__Instructions to follow__. When you return the data, keep every line exactly as it is and leave out the pictures.

__Dataset section__.
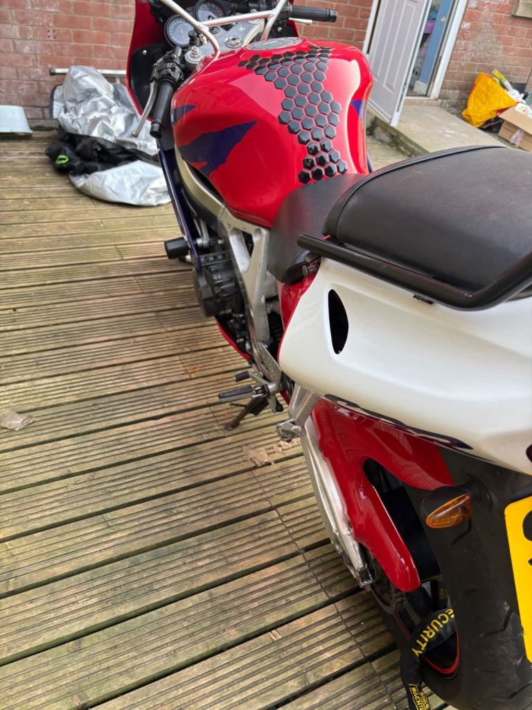 Brilliant example of the 1998 cbr 900. RR. Just had carbs all ultrasonically cleaned and setup . Akrapovic exhaust system sounds great brilliant body work runs and rides as it should fast bike keeps up with the best of them
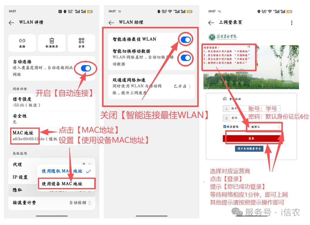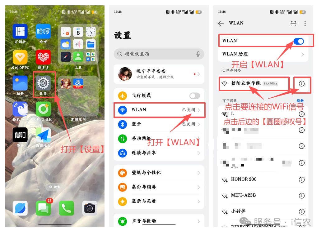 OPPO A5Pro ColorOS 15.0版本示例:打开【设置】—找到【WLAN】点击—开启【WLAN】—找到要连接的WiFi信号(比如“信阳农林学院”或“13-110”举例)—点击WiFi后边的【圆圈感叹号】—开启【自动连接】—点击【MAC地址】—选择【使用设备MAC地址】—【保存】—找到【WLAN助理】—关闭【智能连接最佳WLAN】—设置完成后再次连接WiFi会自动跳转登陆页面—输入【账号:学号】【密码:默认身份证号后6位】—选择【对应运营商】—点击【登录】—显示【您已成功登录】代表登录成功,其他提示按提示操作。
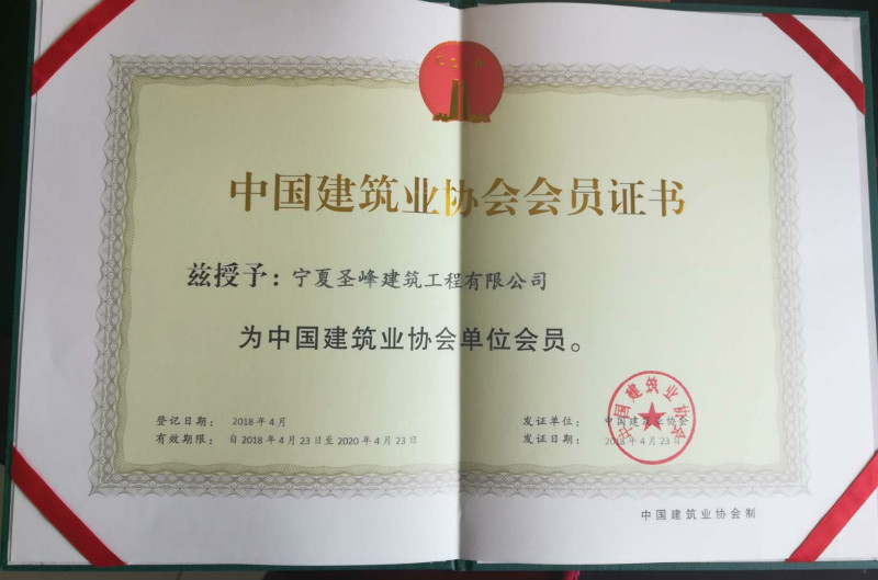 熱烈慶祝寧夏圣峰建筑工程有限公司加入中國建筑業(yè)協(xié)會(huì)
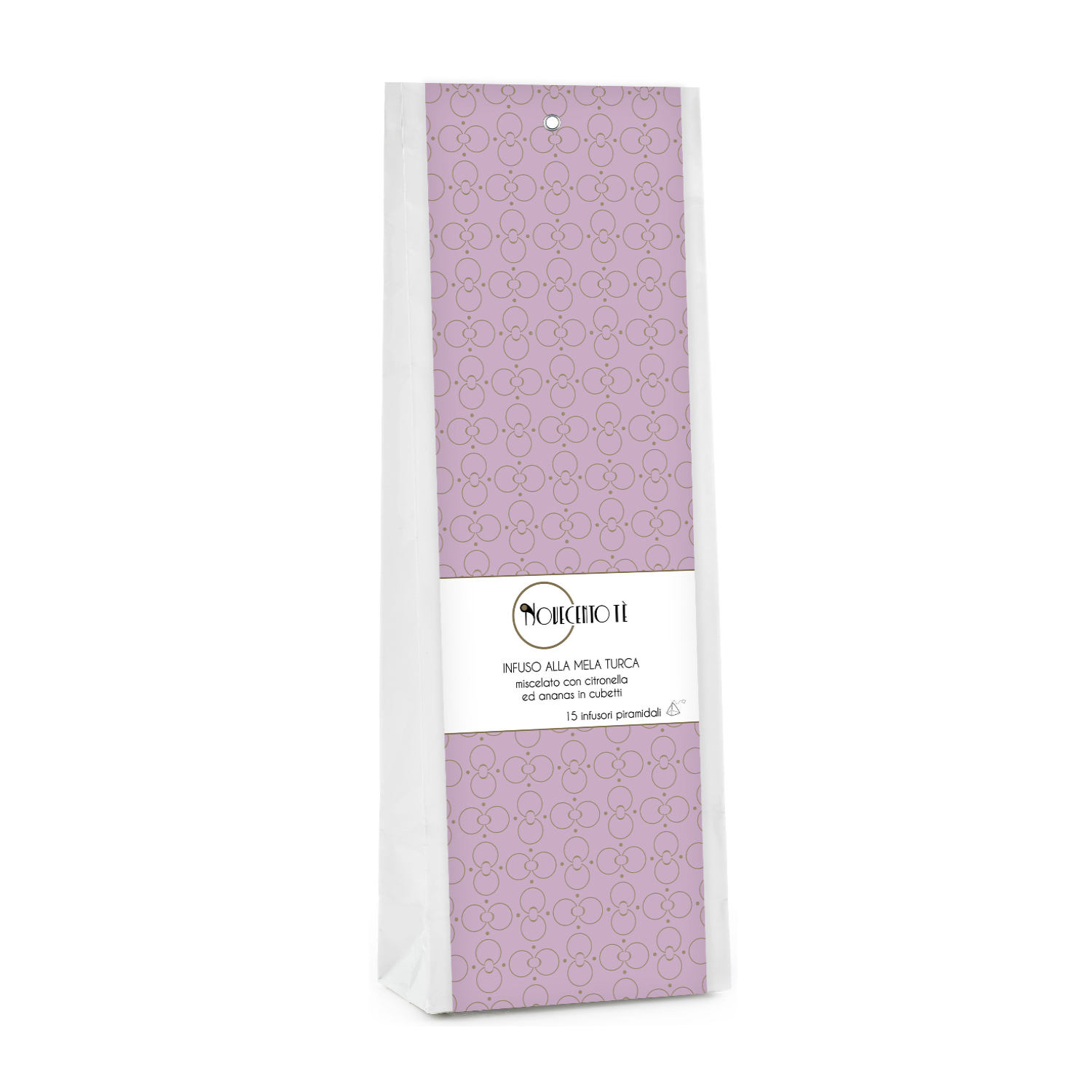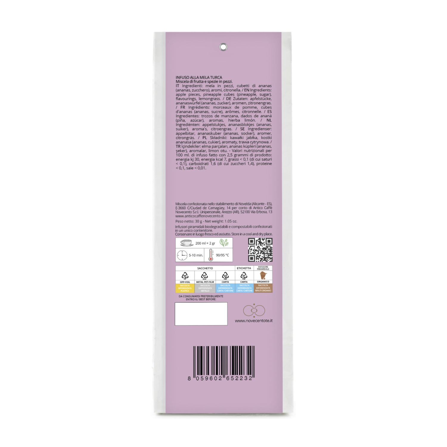 - “Infuso alla Mela Turca”: miscela di frutta e spezie in pezzi confezionata in infusori piramidali. Il sacchetto contiene al proprio interno 15 infusori piramidali. Prodotto miscelato e confezionato in Germania (30 grammi). Origine della miscela: Germania.

__Final answer__.
 Brilliant example of the 1998 cbr 900. RR. Just had carbs all ultrasonically cleaned and setup . Akrapovic exhaust system sounds great brilliant body work runs and rides as it should fast bike keeps up with the best of them
 OPPO A5Pro ColorOS 15.0版本示例:打开【设置】—找到【WLAN】点击—开启【WLAN】—找到要连接的WiFi信号(比如“信阳农林学院”或“13-110”举例)—点击WiFi后边的【圆圈感叹号】—开启【自动连接】—点击【MAC地址】—选择【使用设备MAC地址】—【保存】—找到【WLAN助理】—关闭【智能连接最佳WLAN】—设置完成后再次连接WiFi会自动跳转登陆页面—输入【账号:学号】【密码:默认身份证号后6位】—选择【对应运营商】—点击【登录】—显示【您已成功登录】代表登录成功,其他提示按提示操作。
 熱烈慶祝寧夏圣峰建筑工程有限公司加入中國建筑業(yè)協(xié)會(huì)
 - “Infuso alla Mela Turca”: miscela di frutta e spezie in pezzi confezionata in infusori piramidali. Il sacchetto contiene al proprio interno 15 infusori piramidali. Prodotto miscelato e confezionato in Germania (30 grammi). Origine della miscela: Germania.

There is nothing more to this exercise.